O mercado correu para ajustar as apostas sobre o caminho da taxa por lá, e agora a probabilidade indica junho como o momento em que a fumaça finalmente revelará o início da queda dos juros neste ano. Por lá, os juros estão sendo mantidos na faixa entre 3,50% e 3,75% ao ano.

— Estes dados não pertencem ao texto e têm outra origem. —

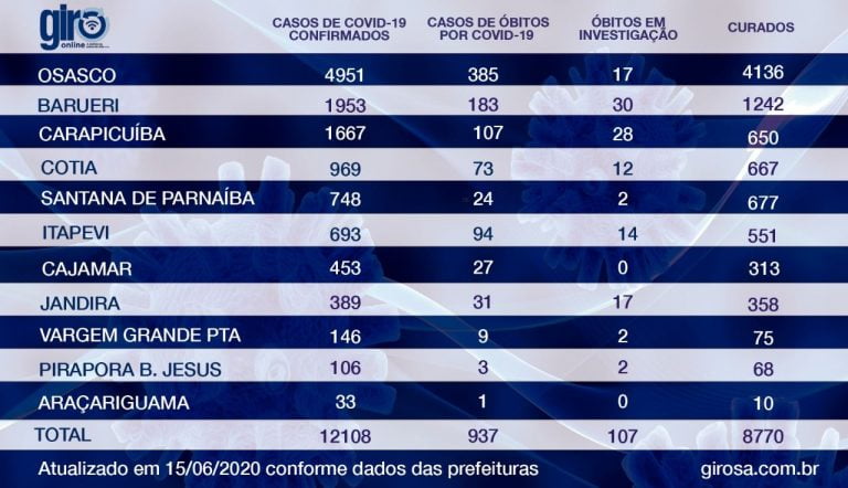 Os dados foram atualizados nos boletins oficiais das prefeituras.

Pelo menos é isso que indicam os dados compilados pelo CME Group. A ferramenta FedWatch mostra que o mercado manteve junho como o mês mais provável para a retomada do ciclo de afrouxamento monetário nos EUA, após as leituras divergentes do Produto Interno Bruto (PIB) do quarto trimestre de 2025 e do índice de preços para gastos pessoais (PCE, na sigla em inglês) de dezembro.
Logo depois da divulgação dos dados, a probabilidade do início dos cortes dos juros nos EUA era de 56,3% em junho, de acordo com o CME.
O cenário mais precificado é de um corte de 25 pontos-base (pb), com 46,8% de chance, seguido pela manutenção da taxa, com 43,7%. A possibilidade de uma redução mais intensa, de 50 pontos-base, aparecia com 9%.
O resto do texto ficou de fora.